192. Тот, кто следил за историей отдельной науки, находит в ее развитии ключ к пониманию старейших и самых обычных процессов всякого «знания и познания»: там, как и здесь, сначала развиваются преждевременные гипотезы, фикции, добрая глупая воля к «вере» и отсутствие недоверия и терпения — наши чувства поздно учатся, и никогда не учатся полностью, быть тонкими, надежными и осторожными органами познания. Нашим глазам легче в данном случае воспроизвести картину, уже часто воспроизводившуюся, чем уловить расхождение и новизну впечатления: последнее требует больше силы, больше «морали». Уху трудно и больно слушать что-то новое; мы плохо слышим странную музыку. Когда мы слышим, как говорят на другом языке, мы невольно пытаемся сформировать звуки в слова, с которыми мы более знакомы и привычны, — именно так, например, немцы изменили произносимое слово ARCUBALISTA на ARMBRUST (арбалет). Наши чувства также враждебны и неприязненны к новому; и вообще, даже в «простейших» процессах ощущения ДОМИНИРУЮТ эмоции — такие как страх, любовь, ненависть и пассивная эмоция лени. — Как мало читатель в наши дни читает все отдельные слова (не говоря уже о слогах) страницы — он скорее берет около пяти из каждых двадцати слов наугад и «угадывает» вероятно подходящий к ним смысл, — точно так же мы не видим дерево правильно и полностью в отношении его листьев, ветвей, цвета и формы; нам гораздо легче вообразить случай дерева. Даже посреди самых замечательных переживаний мы всё еще делаем то же самое; мы фабрикуем большую часть переживания и едва ли можем быть заставлены созерцать какое-либо событие, КРОМЕ как «изобретатели» его. Всё это доказывает, что с нашей фундаментальной природы и с отдаленных веков мы были — ПРИУЧЕНЫ К ЛЖИ. Или, выражаясь более вежливо и лицемерно, короче говоря, более приятно, — человек гораздо больший художник, чем он осознает. — В оживленной беседе я часто вижу лицо человека, с которым говорю, настолько ясно и четко определенным передо мной, согласно мысли, которую он выражает, или которая, как я полагаю, вызвана в его уме, что степень отчетливости намного превышает СИЛУ моей зрительной способности — тонкость игры мышц и выражения глаз ДОЛЖНА, следовательно, быть воображена мной. Вероятно, человек принял совсем другое выражение или вообще никакого.

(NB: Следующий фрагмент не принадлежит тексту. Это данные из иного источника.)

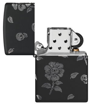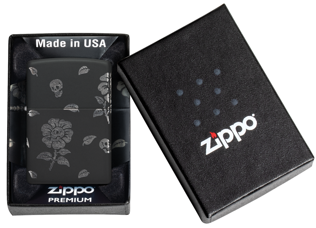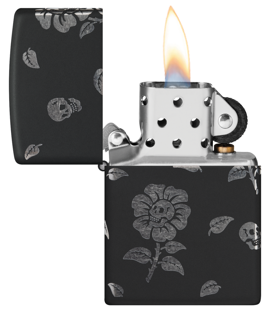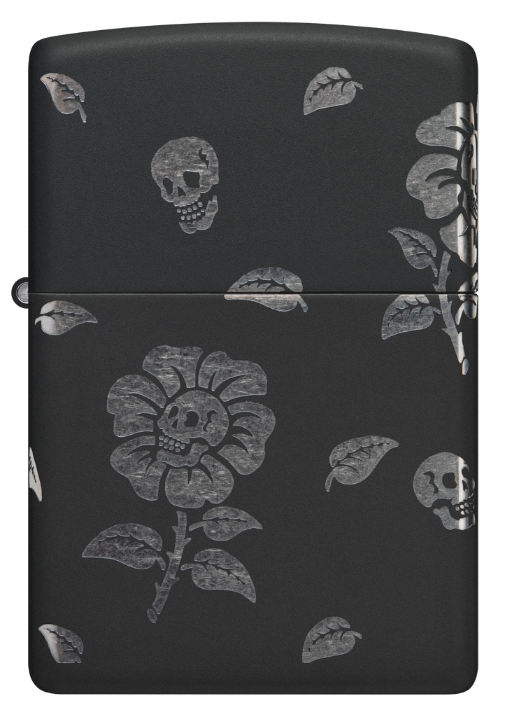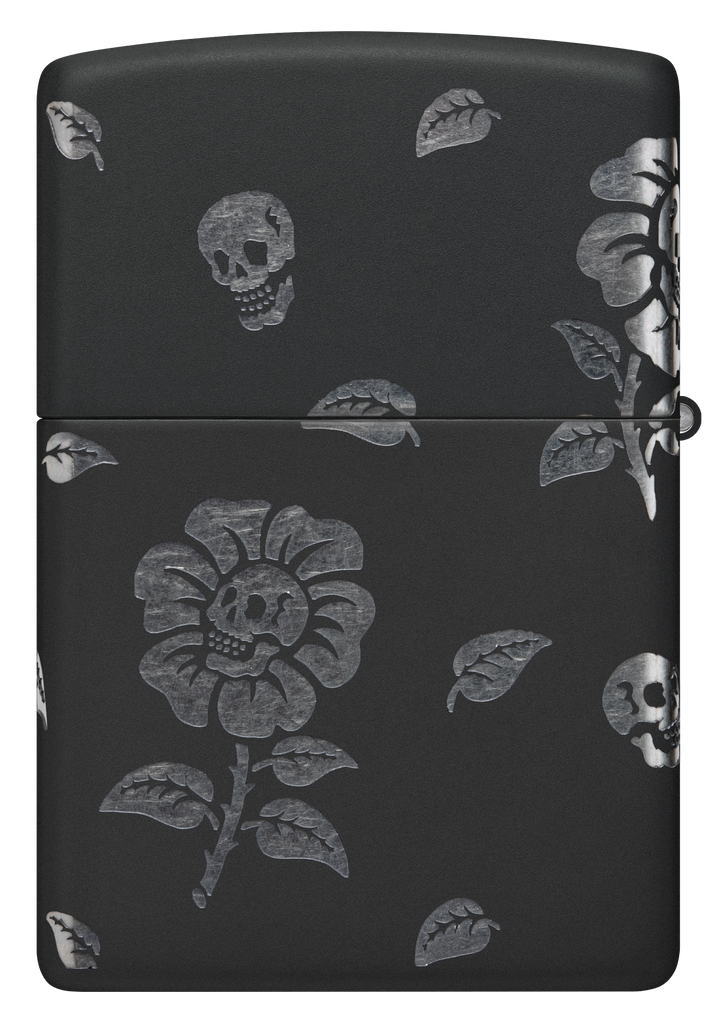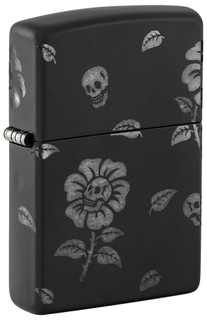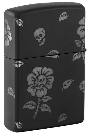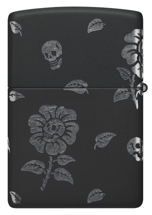 Grinning skulls form the centers of blooming flowers that delicately dance around all sides of this classic Black Matte lighter. Our Laser 360° process is used to reveal the chrome tones of the lighter's case beneath the sleek finish. Comes packaged in a gift box. For optimal performance fill with Zippo lighter fuel.

193. Quidquid luce fuit, tenebris agit (Что было при свете, то происходит в темноте): но также и наоборот. То, что мы переживаем во сне, при условии, что мы переживаем это часто, в конце концов относится к общим принадлежностям нашей души так же, как и всё «действительно» пережитое; благодаря этому мы становимся богаче или беднее, у нас появляется потребность больше или меньше, и, наконец, при дневном свете, и даже в самые яркие моменты нашей бодрствующей жизни, мы в некоторой степени управляемся природой наших снов. Предположим, что кто-то часто летал во сне и что, наконец, как только он видит сон, он осознает силу и искусство полета как свою привилегию и свое особенно завидное счастье; такой человек, который верит, что при малейшем импульсе он может актуализировать всякого рода кривые и углы, который знает ощущение определенной божественной легкости, «вверх» без усилий или принуждения, «вниз» без спуска или снижения — без ТРУДА! — как мог бы человек с такими сновидческими переживаниями и привычками не найти «счастье» иначе окрашенным и определенным, даже в часы бодрствования! Как мог бы он не — жаждать ИНАЧЕ счастья? «Полет», такой, как его описывают поэты, должен, по сравнению с его собственным «полетом», быть для него слишком земным, мускулистым, насильственным, слишком «трудоемким».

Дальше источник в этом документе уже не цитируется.